By Mel Cooke, Freelance WriterWESTERN BUREAU:
A DRUM that was placed front and centre at the Neville Hall Lecture Theatre on Friday afternoon stood unattended to for most of Arthur Newland's presentation.
Its central role to the graduate student's presentation on 'Re-Sounding The Haitian Revolution in an Age of Science and Technology: From Bois Cayman to Boukman Exksperyans' was made clear near the end, when Mr. Newland explained that it was a voodoo drum, called a segun.
"It have a license. It have the name of the drum-maker, the province and so on," he said.
He then answered his own question as to what technology, what means of communication Boukman Dutty would have used in sparking the Haitian Revolution. "This would have been one of the primary technological tools. The other was the abeng," he said.
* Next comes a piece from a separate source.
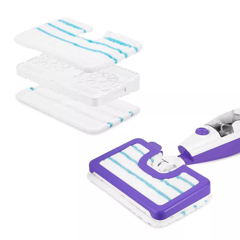 Тряпки для пола устанавливается на напольную щётку с двух сторон с помощью липучек. Их можно стирать в стиральной машине в тёплой воде. В комплекте есть рамка для ковра, которая обеспечивает лёгкое скольжение щётки во время чистки.

Mr. Newland's talk connected the Bois Cayman, a gathering convened by Maroon chief and Voudun high priest Boukman, who lived in Jamaica, in Haiti on August 14, 1791, with the Haitian group Boukman Eksperyans. He illustrated by word and image how the band of musicians had continued the work of the man whose name they bear.
And the connection from Jamaica was still maintained, as Newland related that in an interview with Dermott Hussey, members of the Boukman Eksperyans had said they were inspired to do for Haiti what Bob Marley had done for Jamaica.
Just as how the Bois Cayman was the core of the Haitian Revolution's beginnings, Boukman Eksperyans' music has sparked real change in Haiti on more than one occasion. One was in 1986, when the Haitian people were rising up against the last remnants of 'Baby Doc' Duvalier's regime. The other was in 1991, when Boukman Eksperyans' song that "my heart will not bleed" was the rallying cry of thousands of protesters.
DRUMS
The connection with the drums was also made, as Newland introduced the group to the persons gathered inside the lecture hall with the 'groundation style' song Give Glory to God (as translated from the Haitian language the language they record in). And, keeping the Jamaican connection as always, the group has recorded in Jamaica, at Tuff Gong studios.
Using the technology of a laptop and projector, Newland showed an artist's recreation of the Bois Cayman of August 14, 1791, then leaped 213 years today to show a news clip from January this year, with the leader of the Boukman Eksperyans in the forefront of a mass protest against current Haitian president Jean-Bertrand Aristide.
"It is a part of the resounding," Newland said of the image of the Bois Cayman, which comes from the website of a US based university, stating that many such images of historical Haiti are posted on the Internet.
And, just like over two centuries ago, Newland said, "Haiti remains in the hotseat of contention with the Euro-American hegemonic power, with the rest of its neighbours unable to stand with it, isolated because the rest of us are too complacent, unwilling to risk those crumbs of privilege from the table that Haiti does not benefit from".
However, as Haiti tries to help itself, "213 years later the name Boukman reverberates with significance, to offer hope, to offer strength, to offer courage".
Noting that "we need to recreate the magic, the ability to bring about unity - solid unity" which Boukman Dutty used to mould over 100 ethnicities into an unstoppable force, Newland said what took place was the Haitians utilised the spiritual technology of the most advanced of their society. "They drew on their place," he said.
Newland also showed a clip from the movie Sankofa, which features Mutabaruka. As the audience looked at the image of a pregnant woman being lashed to death he commented: "Anyone who stan' up agains' the system must be punished - just like Haiti".
But "we no have dem guns, we no have dem bombs, we no have dem ships, but we have ourselves".